Painting series by Paul Cézanne

Mont Sainte-Victoire is a series of oil paintings by French artist Paul Cézanne, depicting the French mountain Montagne Sainte-Victoire in Provence.

==Description==
Montagne Sainte-Victoire is a mountain in southern France, overlooking Aix-en-Provence. It became the subject of a number of Cézanne's paintings, in total numbering about eighty paintings and watercolors.

Only half a year after the opening of the Aix–Marseille railway line on October 15, 1877, Cézanne wrote to his friend Émile Zola on April 14, 1878, praising Mont Sainte-Victoire—seen from the train as it crossed the Arc River Valley bridge—as a “beau motif” (“beautiful motif”). Around this time, at the age of thirty-nine, Cézanne began, for the first time, a series of paintings devoted to Mont Sainte-Victoire in his native Aix-en-Provence. It is therefore highly probable that this celebrated series was inspired by the scenery viewed from the window of a moving train.

Indeed, in numerous works from the Mont Sainte-Victoire series, the railway bridge on the Aix–Marseille line, which crosses the Arc River Valley, is depicted near the center-right of the composition.

Mont Sainte-Victoire became one of Cézanne's most repeated and varied themes, with Cézanne changing something about the scene each time, from his angle to the lighting to the compositional specifics to the mood he tried to evoke. Cézanne used three primary vantage points for these paintings: near his brother-in-law property in Bellevue, near Bibemus quarry, and in Les Lauves. His scenes generally included Mont Sainte-Victoire itself, a grey-white limestone mountain, and the surrounding valley and plains that the mountain rose from.

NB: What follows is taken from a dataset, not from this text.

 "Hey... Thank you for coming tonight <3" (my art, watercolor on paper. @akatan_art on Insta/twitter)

Cézanne's Mont Sainte-Victoire paintings fell into two main periods: those he executed during his so-called "period of synthesis," from roughly the 1870s to 1895, and those he created during his late period, from around 1895 until his death in 1906. Through both periods, Cézanne painted in watercolor as well as oil paints to capture Mont Sainte-Victoire with more transparency and lightness.

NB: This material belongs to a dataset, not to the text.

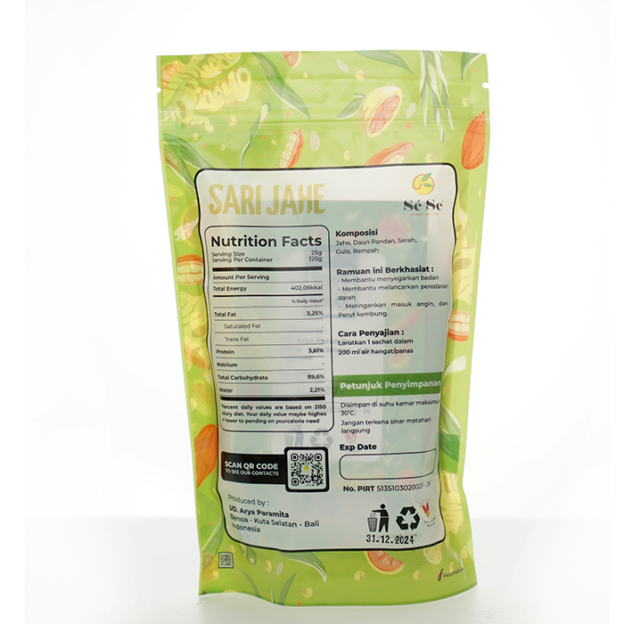 Kandungan Bahan: Jahe, Kayu Manis, Pala, Cengkih, Daun Jeruk, Daun Pandan, Sereh, Gula

These paintings belong to Post-Impressionism. Cézanne used geometry to describe nature and different colours to represent the depth of objects. Cézanne generally tried to convey the eternal, interior structure of the scene before him, more than the ephemeral surface features. While the Impressionists tried to depict nature directly as they saw it, Cézanne generally tried to convey a sense of what was beneath what the naked eye could see, though he still had a sharp eye for subtle changes in light and atmosphere. Cézanne tried to evoke emotions through his works and "find order in his sensations." The whole series embodies Cézanne's struggle to mold nature into art through geometric forms and effects of color.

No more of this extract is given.